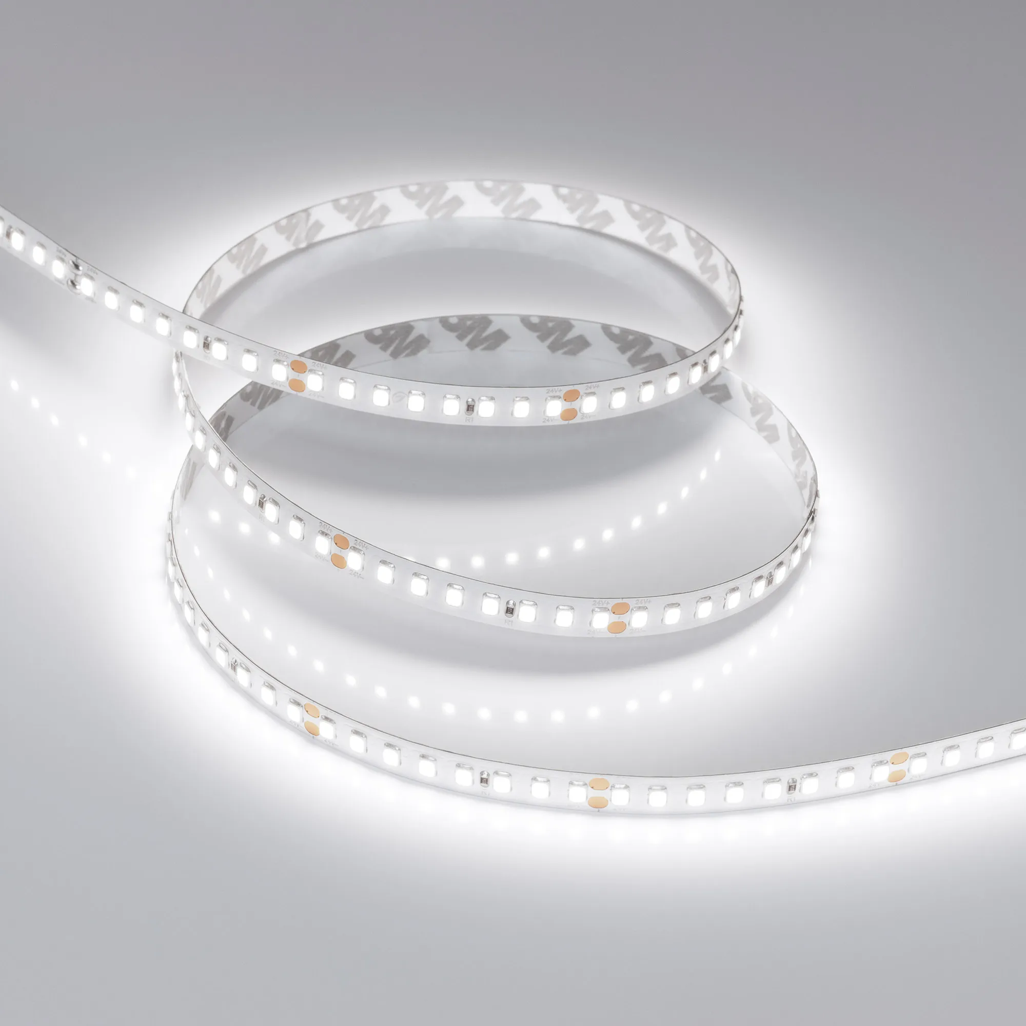 Светодиодная высокоэффективная лента UL серии A160. Светодиоды SMD 2835, 160 шт/м, белая плата шириной 8 мм, скотч 3M. Цвет БЕЛЫЙ 6000K, индекс цветопередачи CRI>90, угол 120°. Питание 24 В, мощность 12 Вт/м (60 Вт на 5 м). Размеры 5000x8x1.5 мм. Мин. отрезок 50 мм, 8 светодиодов. Цена за 1 м. Обязательна установка на профиль.
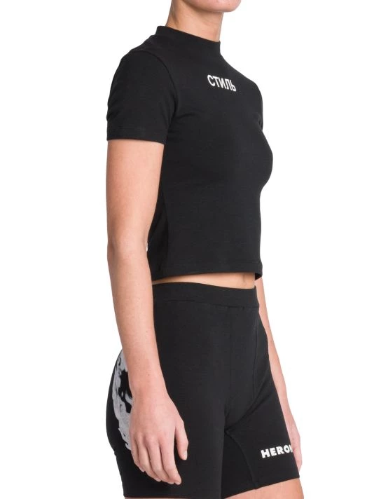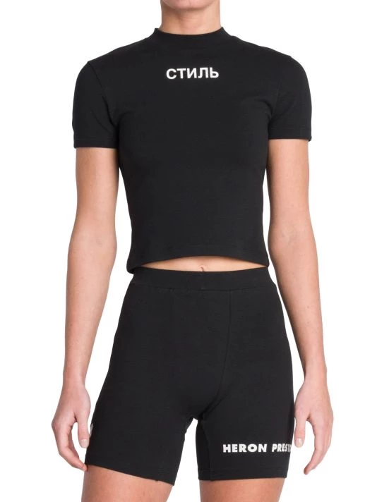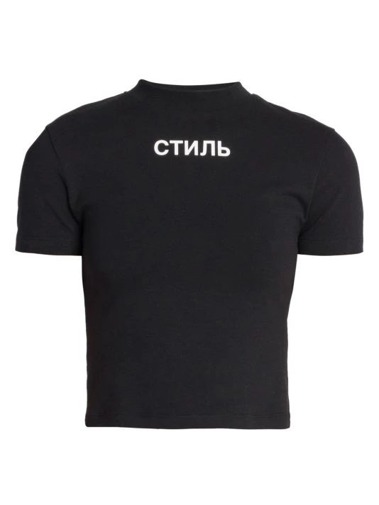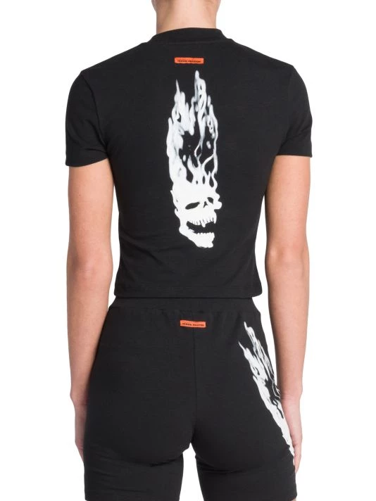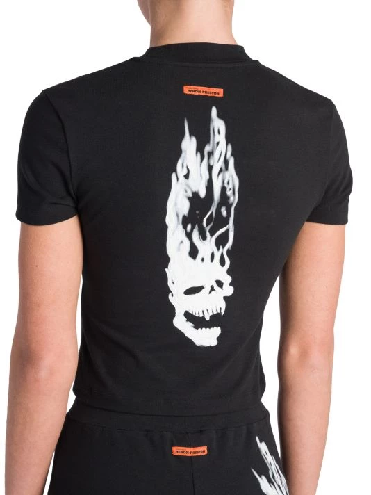 Cut in a cropped silhouette, Heron Preston’s formfitting T-shirt features a contrast logo at the chest and flaming skull graphic at the back.
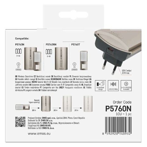 EMOS Domovní bezdrátový zvonek P5760N do zásuvky, s možností prodloužení signálu
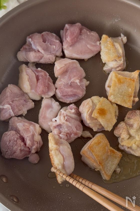(2) フライパンにサラダ油を入れ②を皮目を下にして並べ入れ、3分焼いて焼き目が付いたら裏返し蓋をして3分蒸し焼きする。
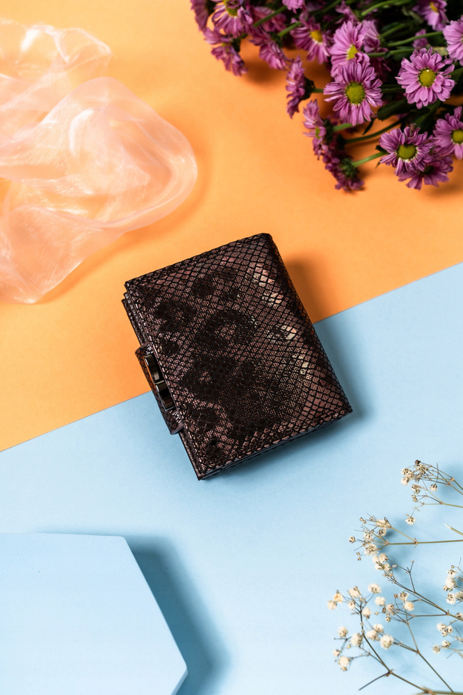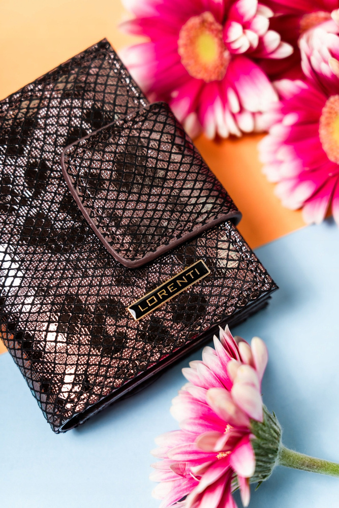 Portfel damski na zatrzask i bigiel z błyszczącej skóry naturalnej - LorentiPortfel damski na zatrzask i bigiel z błyszczącej skóry naturalnej – Lorenti
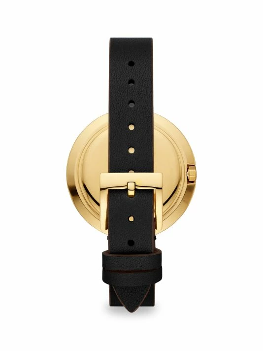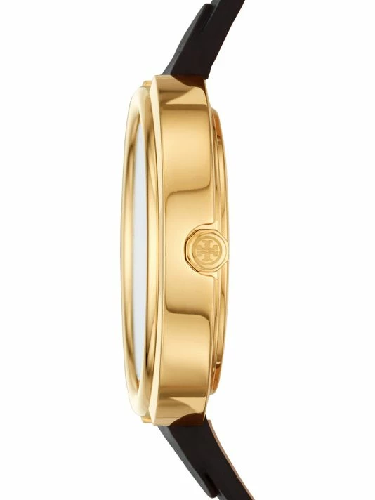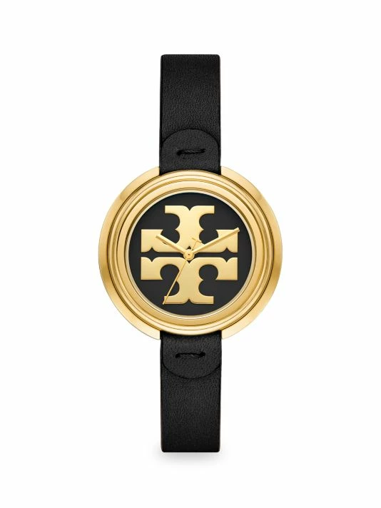 Elegant and iconic, the Tory Burch logo is the star of this stainless steel watch featuring a polished goldtone case and a slim band in textured black leather.

Task prompt: Repeat the data word for word. Skip the pictures.

Answer to the exercise:
 Светодиодная высокоэффективная лента UL серии A160. Светодиоды SMD 2835, 160 шт/м, белая плата шириной 8 мм, скотч 3M. Цвет БЕЛЫЙ 6000K, индекс цветопередачи CRI>90, угол 120°. Питание 24 В, мощность 12 Вт/м (60 Вт на 5 м). Размеры 5000x8x1.5 мм. Мин. отрезок 50 мм, 8 светодиодов. Цена за 1 м. Обязательна установка на профиль.
 Cut in a cropped silhouette, Heron Preston’s formfitting T-shirt features a contrast logo at the chest and flaming skull graphic at the back.
 EMOS Domovní bezdrátový zvonek P5760N do zásuvky, s možností prodloužení signálu
(2) フライパンにサラダ油を入れ②を皮目を下にして並べ入れ、3分焼いて焼き目が付いたら裏返し蓋をして3分蒸し焼きする。
 Portfel damski na zatrzask i bigiel z błyszczącej skóry naturalnej - LorentiPortfel damski na zatrzask i bigiel z błyszczącej skóry naturalnej – Lorenti
 Elegant and iconic, the Tory Burch logo is the star of this stainless steel watch featuring a polished goldtone case and a slim band in textured black leather.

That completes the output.